Becoming What We Are
Second Sunday of the Year. Fr Euan Marley tells us what it means when Jesus calls Peter – and us – by our names.
And this is the testimony of John, when the Jews sent Priests and Levites from Jerusalem to ask him, “Who are you?” He confessed, he did not deny, but confessed, “I am not the Christ.” (John 1:19-20)
It sounds odd to hear a negative phrase, ‘I am not’ described as a confession, yet the word is used twice. He confessed and did not deny. Yet when John says what he is not, he is saying this in view of the Christ who is to come. It is only the Christ, who can truly say ‘I am’.
John is confessing the inadequacy of his humanity to say who he is. He can only say who he is not, and the priests and Levites are asking a deeper question than they know. Jesus says ‘I am’ and the implication of his divinity is unmistakable to any Jew.
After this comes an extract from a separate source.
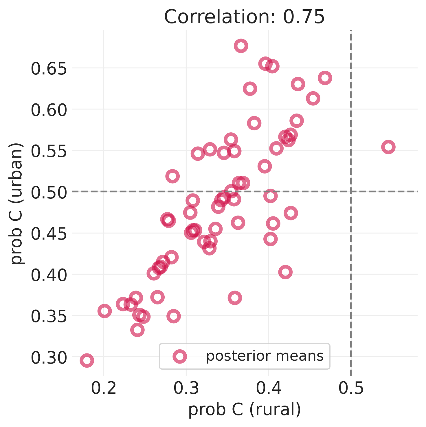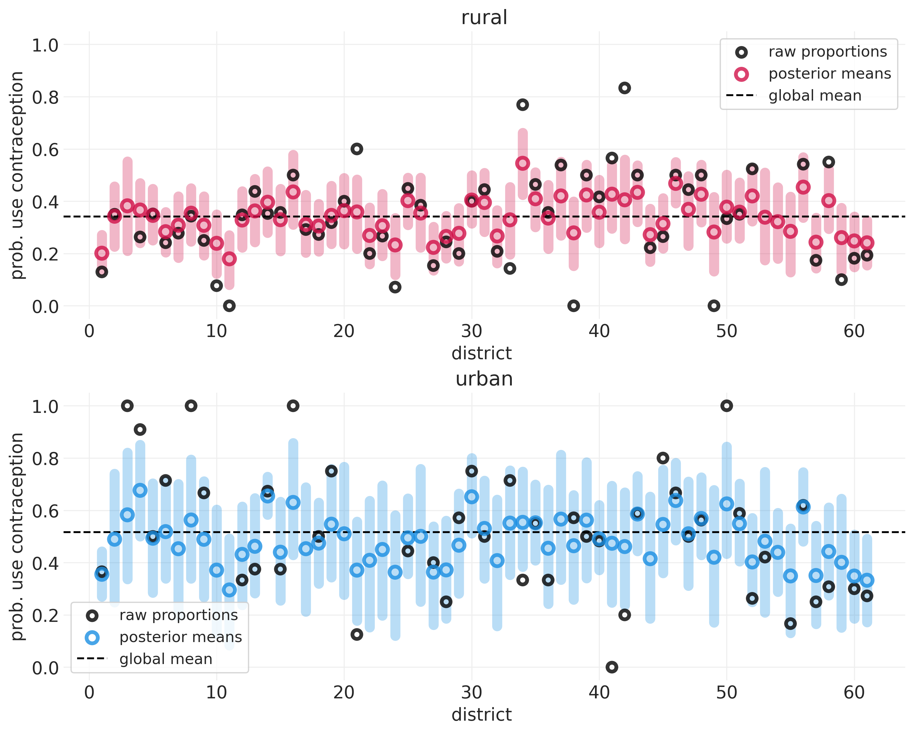 Below we show the contraceptive use for rural (only including a district-level intercept \(\alpha_{D[i]}\)) vs urban (including an additional intercept \(\beta_{D[i]}\) for urban districts) groups. These plow was generated in Lecture 13 - Multilevel Adventures.

Only God can say ‘I am’, the words with which he reveals himself to Moses from the burning bush in chapter three of the Book of Exodus.
The ‘I am not’ of John the Baptist is revealed to be truly a confession of the ‘I am’ of Jesus the Christ. It is not a denial but the affirmation of the truth.
As created human beings, we can never truly say who we are. We are always prone to change, we can fall into sin at any time, we can rise from sin at any time, we are weaker than we know but sometimes we are stronger than we would believe. John learned this harsh truth in the desert, that until the one who is to come has been revealed, even his own identity is hidden from him.
Yet when this one comes, he does more than reveal his own self. He begins the long process of teaching us who we are, and he begins with Peter. He tells Peter that he will be called Rock. A little later he will proclaim Nathanael as an ‘Israelite in whom there is no guile’. As the Gospel makes clear, he always knew what was in the human being.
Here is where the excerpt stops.